(RECORDS SUPPLIED)
= Beginning of Section =

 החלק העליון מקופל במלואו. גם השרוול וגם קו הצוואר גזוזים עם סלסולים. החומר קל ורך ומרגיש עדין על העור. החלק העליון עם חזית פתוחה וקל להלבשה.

= End of Section =
= Beginning of Section =

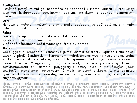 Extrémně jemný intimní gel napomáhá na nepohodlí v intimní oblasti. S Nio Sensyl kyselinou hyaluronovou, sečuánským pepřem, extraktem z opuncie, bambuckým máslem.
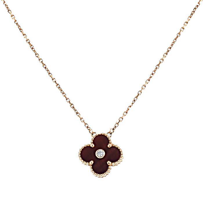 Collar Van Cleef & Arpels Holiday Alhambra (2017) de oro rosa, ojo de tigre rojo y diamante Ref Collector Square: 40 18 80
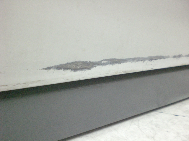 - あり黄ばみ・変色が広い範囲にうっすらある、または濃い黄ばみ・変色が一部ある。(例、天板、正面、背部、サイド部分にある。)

= End of Section =
= Beginning of Section =

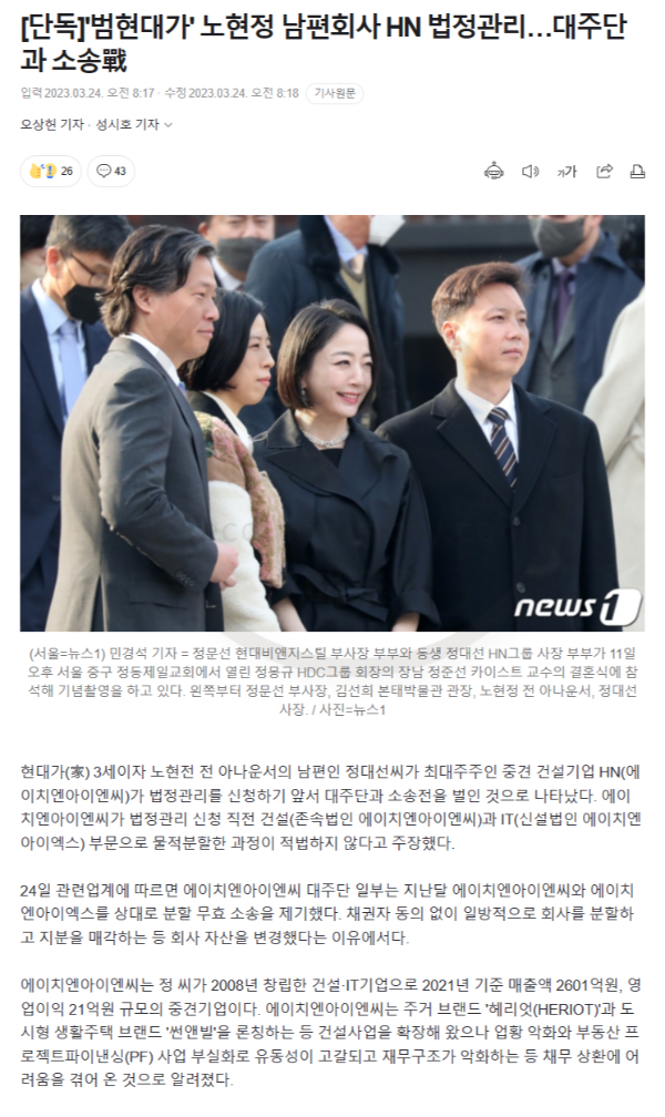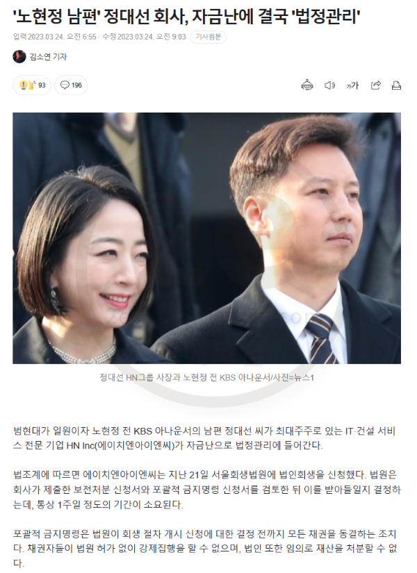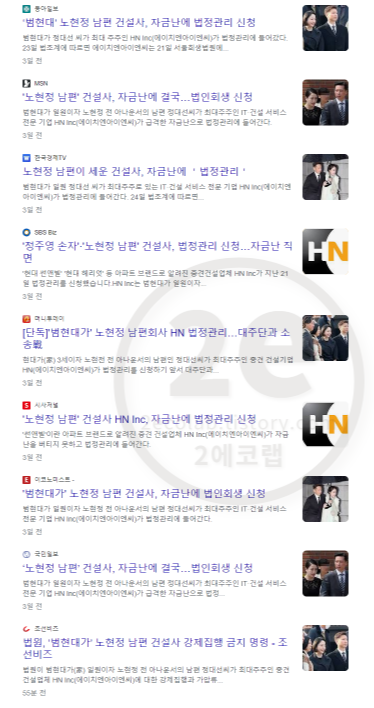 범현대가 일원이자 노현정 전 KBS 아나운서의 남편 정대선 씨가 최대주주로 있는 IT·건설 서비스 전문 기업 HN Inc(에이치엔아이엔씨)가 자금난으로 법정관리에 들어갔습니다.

= End of Section =

(EXERCISE)
Pictures aside, print exactly the lines above starting with the one containing "Collar Van Cleef" and going on through the one containing "- あり黄ばみ・変色が広い範".

(ANSWER FOR THIS EXERCISE)
 Collar Van Cleef & Arpels Holiday Alhambra (2017) de oro rosa, ojo de tigre rojo y diamante Ref Collector Square: 40 18 80
 - あり黄ばみ・変色が広い範囲にうっすらある、または濃い黄ばみ・変色が一部ある。(例、天板、正面、背部、サイド部分にある。)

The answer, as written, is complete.